Лавиния молча кивает. Она явно не желает показаться излишне словоохотливой. Любое неосторожное слово насчет банды и ее деятельности может потом дорого обойтись ей.
— Если он говорит: «Иди продавай наркотики на Грей-стрит или Лоуренс-стрит», вы подчиняетесь, верно?

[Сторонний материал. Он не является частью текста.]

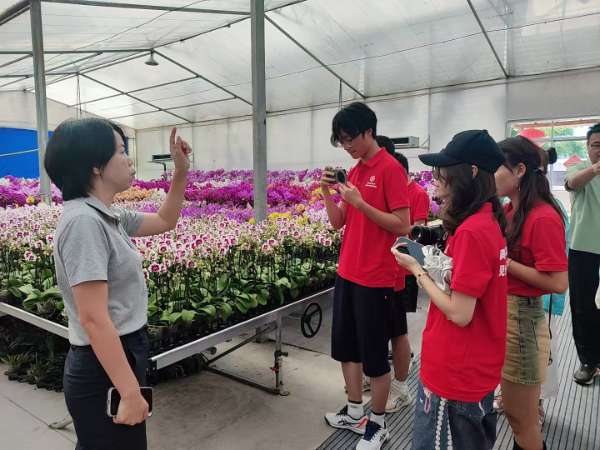 图为实践队队员参观矩宝公司的蝴蝶兰种植基地。供图张锦雯
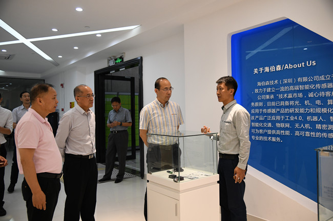 調(diào)研中,張志波同志還參觀了海伯森辦公區(qū) 、工程研發(fā)中心,鼓勵王國安博士團(tuán)隊在中國高端智能傳感器領(lǐng)域取得更大的成績,并希望下一步與深圳東華、山科控股、華信資本等山東省屬企業(yè)加強(qiáng)合作。
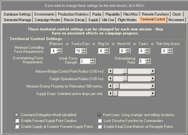 To achieve this result, SEOW now supports two new campaign settings parameters under the "Overwhelming Force Requirements" heading: Weak_Force and Overwhelming_Force_Ratio. These parameters can be adjusted by the administrator using the Territorial Control tab in the SEDCS. This allows the campaign administrator to determine the smallest scale battle that is automatically resolved by SEOW without the need for direct ground planning by commanders.
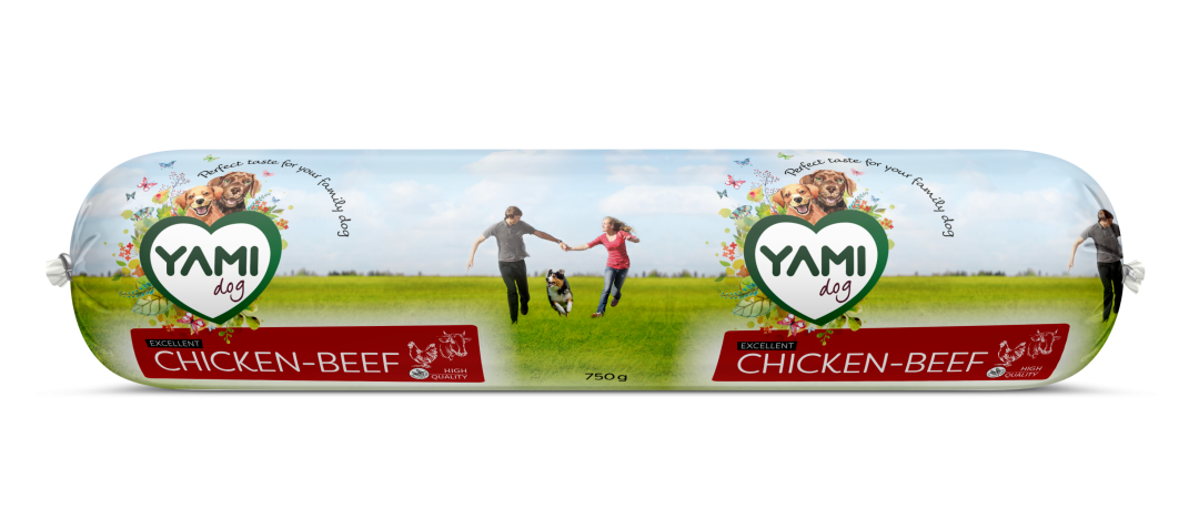 Yamipets hondenworst Kip/Rund is gemaakt van vers kippen- en rundvlees en bevat geen toegevoegde conserveringsmiddelen, geur-, kleur- en smaakstoffen. Deze volledige maaltijd is geschikt voor alle hondenrassen en leeftijden. De worsten worden zorgvuldig bereid uit de beste kwaliteit vers vlees, voor een goede opname van voedingsstoffen. Het is een gezond alternatief voor honden die diepvriesvleesvoeding gewend zijn. Doordat de worst houdbaar is buiten de koelkast is deze geschikt voor vakanties en dagjes weg.
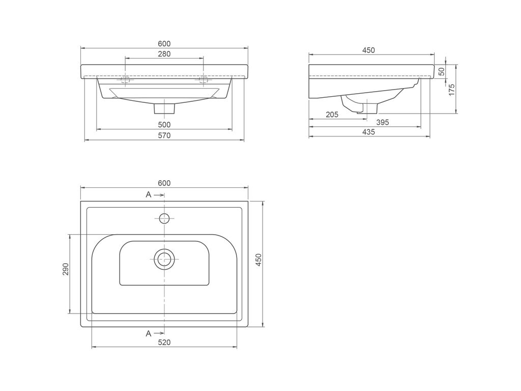 | Размер раковины (Ш×В×Г), мм | 600×175×450 |
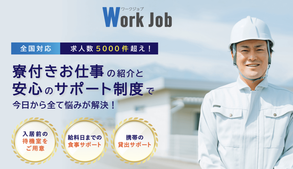 ワークジョブ(株式会社ワークジョブ)とは、寮・社宅完備の求人紹介に特化した就職支援サービスです。
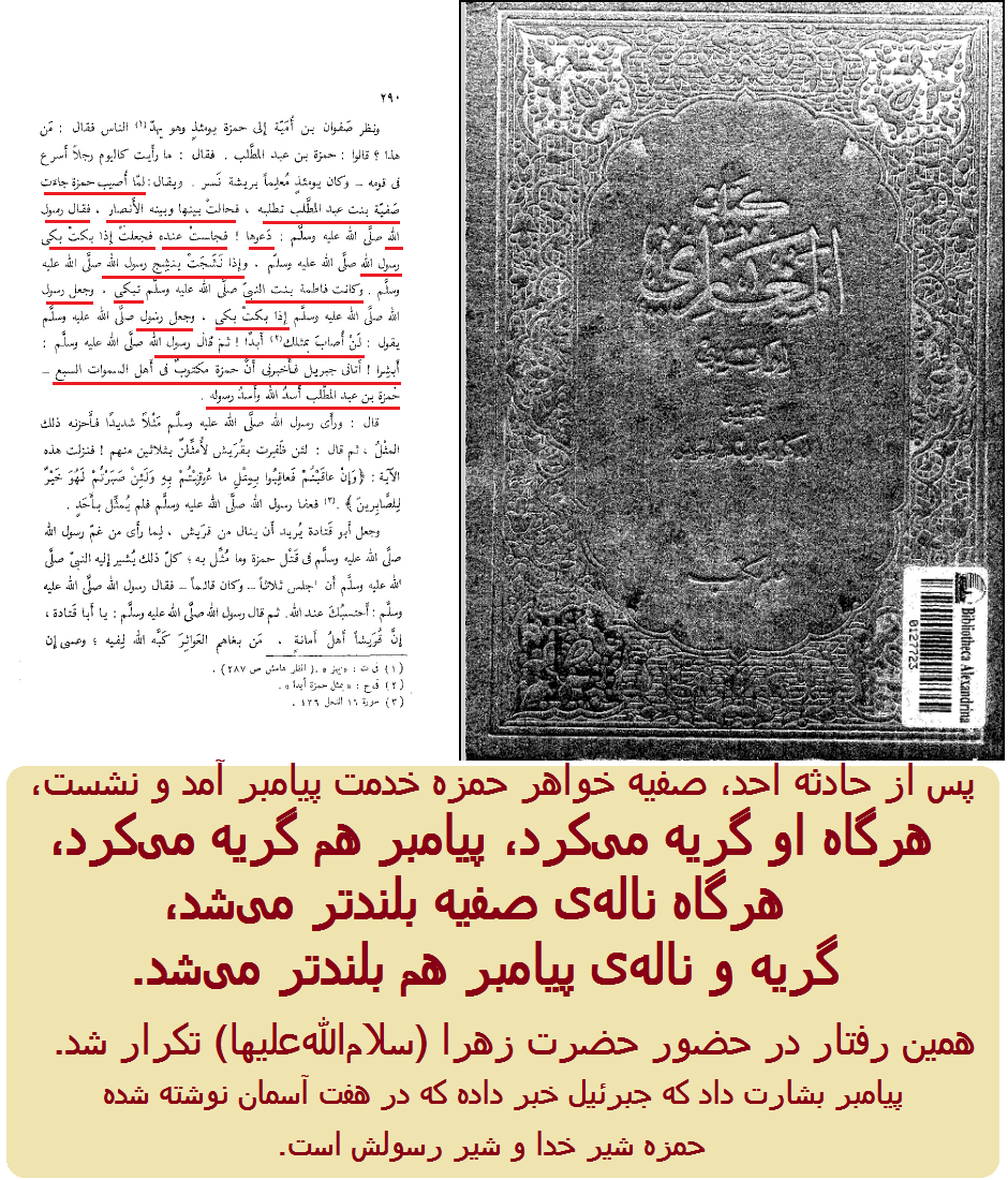 پس از حادثه احد، صفیه خواهر حمزه خدمت پیامبر آمد و نشست، ... هرگاه گریه می‌کرد، پیامبر هم گریه می‌کرد، هرگاه ناله‌ی صفیه بلندتر می‌شد، گریه و ناله‌ی پیامبر هم بلندتر می‌شد...

— По большей части, — отвечает Лавиния.
— Если он говорит, что кого-то нужно избить, вы говорите «нет»?
— Нет, сэр.
— Вам когда-нибудь приходилось участвовать
Лавиния съеживается и отводит глаза в сторону. Ее голос становится едва слышным.
— Один раз. Это была маленькая девочка, которую звали Трэй Уилл. Она нарушила наши законы.
— Вам когда-нибудь приходилось обслуживать какого-нибудь клиента по приказу Хардкора?
Тема секса ей совершенно не по вкусу. Взгляд намертво упирается в дверь камеры временного содержания, откуда Баг привели сюда, в зал суда. Хоби зашел в своих вопросах слишком далеко.
— Об этом я ничего не знаю, — отвечает Баг наконец. Ее глаза по-прежнему смотрят отсутствующим взглядом в никуда.
— Но вы действовали по наводке Хардкора, не так ли?
— Он — большая шишка, — говорит она.
— И поэтому, когда Любич сказал, что Хардкор стал оказывать содействие следствию, и сообщил вам содержание его показаний, вы повторили в точности то, что, по их словам, сказал Хардкор, верно?
— Ну, вроде того.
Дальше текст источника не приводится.